The key to the system is a novel way to represent the grid of patches corresponding to any given light field. In particular, Focii describes each patch as the weighted sum of a number of reference patches — or “atoms” — stored in a dictionary of roughly 5,000 patches. So instead of describing the upper left corner of a light field by specifying the individual values of all 121 pixels in each of 25 blocks, Focii simply describes it as some weighted combination of, say, atoms 796, 23 and 4,231.

According to Kshitij Marwah, a graduate student in the Camera Culture Group and lead author on the new paper, the best way to understand the dictionary of atoms is through the analogy of the Fourier transform, a widely used technique for decomposing a signal into its constituent frequencies.

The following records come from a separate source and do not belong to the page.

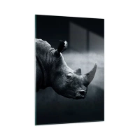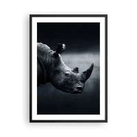 Poster în ramă neagră - Portret alb-negru al unui rinocer pe un fundal întunecat - 50x70cm - Profil drept - Decorațiune modernă pentru perete pentru living și dormitor ARTTOR
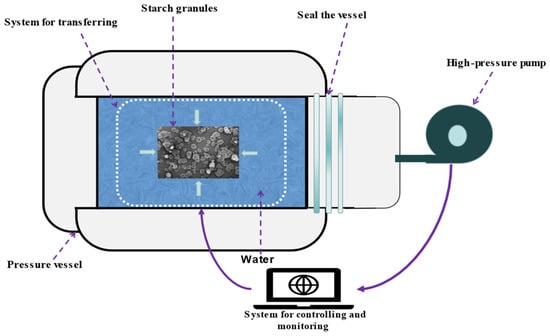 The HHP-based treatment method is a new, non-thermal, and environmentally friendly treatment technique that is easy to control [63]. This method can be used for physical modification. The mechanism of HHP action on starch is shown in Figure 4. Rahman et al. studied the effect of different parameters of HHP (HHP100, 300 and 500 MPa, 15 and 30 min at 52 °C) on the physicochemical, thermal, and structural properties of different varieties of starch samples [64]. The results revealed that the amylose and damaged starch contents of the starch samples increased following HHP treatment. However, the solubility and swelling capacity of the samples decreased, and significant differences in thermal properties between the different varieties of starch samples were observed. This can be potentially attributed to the different degrees of HHP-induced pasting [65]. However, the high hydrostatic pressure ensures that the forces acting on the product are uniform and that it is energy efficient and retains the product’s nutrients well. During food processing, starch physically interacts with fatty acids, proteins, polyphenols and other substances to form starch complexes. These complexes are useful in food technology, as they influence the texture, physicochemical properties and quality of foods. For example, the incorporation of a high amylose starch, fatty acid complex into surimi resulted in a more compact network structure of surimi gel, which improved the quality of surimi products [66]. Guo et al. prepared lotus seed starch, fatty acid complexes using high hydrostatic pressure, analyzed their physicochemical properties and found that the complexes presented a compact structure, higher crystallinity and higher thermal stability. In addition, it was demonstrated that the crystalline properties of the complexes were related to pressure and fatty acid chain length [67]. The application of HHP technology in preparation of starch–fatty acids complexes further expands the range of applications of this modification method.
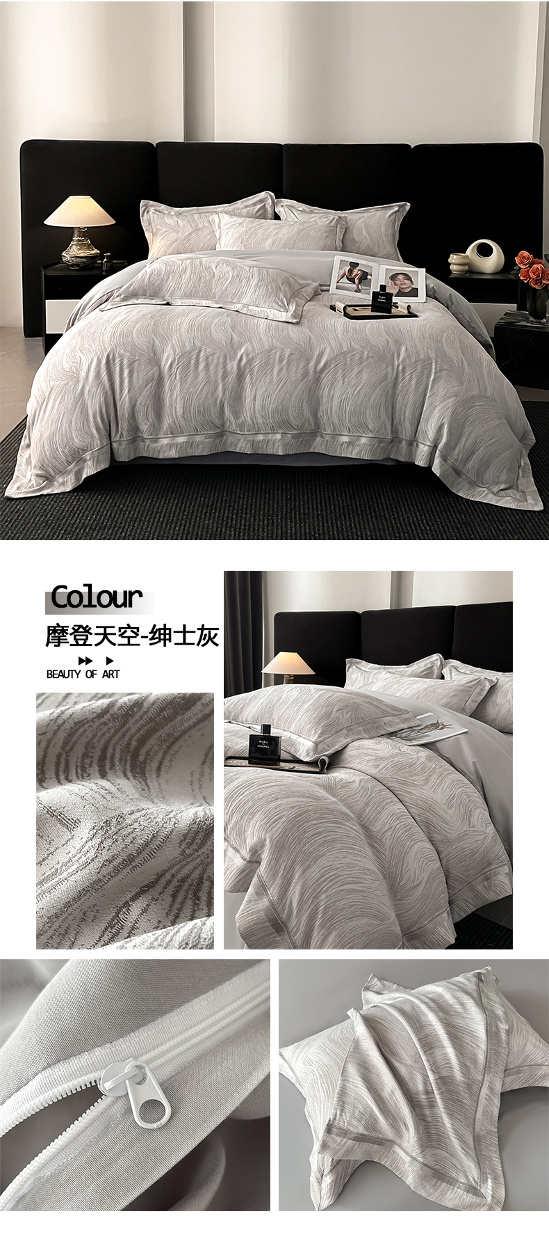 当前位置: 91家纺网 > 商品网购 > 床品套件 > 四件套 > 其它四件套 > 置顶家纺 2026新款摩登天空亲肤磨毛提花系列四件套 摩登天空-绅士灰
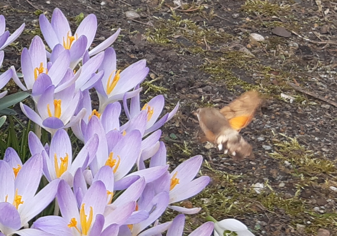 Tej wiosny pierwszy raz zobaczyłem w akcji polskiego "Kolibra" czyli Fruczaka Gołąbka obsługującego wiosenne kwiaty.
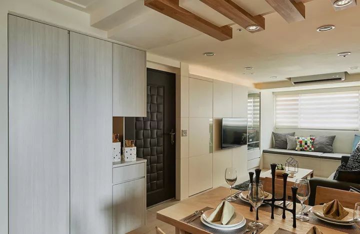 在电视墙后方以隐藏门的方式,规划一间储藏室。
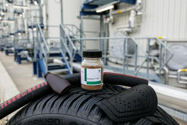 At the end of the process, two types of products emerge: liquids used to make clothing or bottles, and a brown powder that can replace carbon black, a powder used as a filler in tyres and other rubber products.
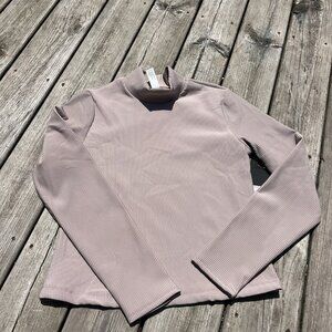 90 Degree By Reflex Womens L Mock Neck Ribbed Performance Long Sleeve NWT Beige
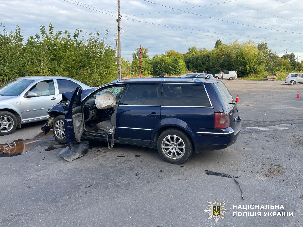 Унаслідок ДТП кермувальниця легковика отримала перелом ключиці та забій грудної клітки, а 38-річний пасажир – закриту черепно-мозкову травму та забої.

In fact, visual images can be — and frequently are — interpreted as signals and represented as sums of frequencies. In such cases, the different frequencies can also be represented as atoms in a dictionary. Each atom simply consists of alternating bars of light and dark, with the distance between the bars representing frequency.

The atoms in the Camera Culture Group researchers’ dictionary are similar but much more complex. Each atom is itself a five-by-five grid of 121-pixel blocks. Each block consists of arbitrary-seeming combinations of color: The blocks in one atom might all be green in the upper left corner and red in the lower right, with lines at slightly different angles separating the regions of color; the blocks of another atom might all feature slightly different-size blobs of yellow invading a region of blue.

Behind the mask

In building their dictionary of atoms, the Camera Culture Group researchers — Marwah, Wetzstein, Raskar, and Yosuke Bando, a visiting scientist at the Media Lab — had two tools at their disposal that Joseph Fourier, working in the late 18th century, lacked: computers, and lots of real-world examples of light fields.

To build their dictionary, they turned a computer loose to try out lots of different combinations of colored blobs and determine which, empirically, enabled the most efficient representation of actual light fields.

Once the dictionary was built, however, they still had to calculate the optimal design of the mask they use to record light-field information — the patterned plastic film that they slip beneath the camera lens. Bando explains the principle behind mask design using, again, the analogy of Fourier transform.

“If a mask has a particular frequency in the vertical direction” — say, a regular pattern of light and dark bars — “you only capture that frequency component of the image,” Bando says. “So you have no way of recovering the other frequencies. If you use frequency domain reconstruction, the mask should contain every frequency in a systematic manner.”

“Think of atoms as the new frequency,” Marwah says. “In our case, we need a mask pattern that can effectively cover as many atoms as possible.”

“It’s cool work,” says Kari Pulli, senior director of research at graphics-chip company Nvidia. “Especially the idea that you can take video at fairly high resolution — that’s kind of exciting.”

Pulli points out, however, that assembling an image from the information captured by the mask is currently computationally intensive. Moreover, he says, the examples of light fields used to assemble the dictionary may have omitted some types of features common in the real world. “There’s still work to be done for this to be actually something that consumers would embrace,” Pulli says.